The herb St John’s wort provides yet another example. The extraction method used in Germany in the product’s commercial manufacture was modified in the late 1990s, resulting in higher concentrations of hyperforin than previously obtained (Madabushi et al 2006). Since then, numerous reports and studies have identified pharmacokinetic drug interactions with St John’s wort, based on its ability to induce cytochromes and P-gp. It is now well established that hyperforin is the key constituent responsible for these unwanted effects, and St John’s wort preparations manufactured with this newer extraction method, such as LI 160, can put people at risk of interactions. Meanwhile, studies with low-hyperforin preparations, such as Ze117, have found that it fails to induce the same interactions (Madabushi et al 2006).
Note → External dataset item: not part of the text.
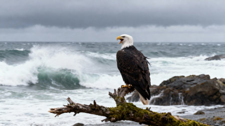 An impressive bald eagle sits on a mossy log, with the ocean waves crashing behind it on a cloudy day

Unfortunately, this distinction between St John’s wort preparations is not well known and many references and texts fail to mention this important point.

As these examples and many others in this book demonstrate, each herb is chemically complex and produces a pharmacological effect based on the total sum of actions produced by a myriad of constituents that may be acting in synergy. This complexity complicates the ability to test herbal medicines as they are most commonly used (that is, in their more natural states) and in combination with other herbal medicines.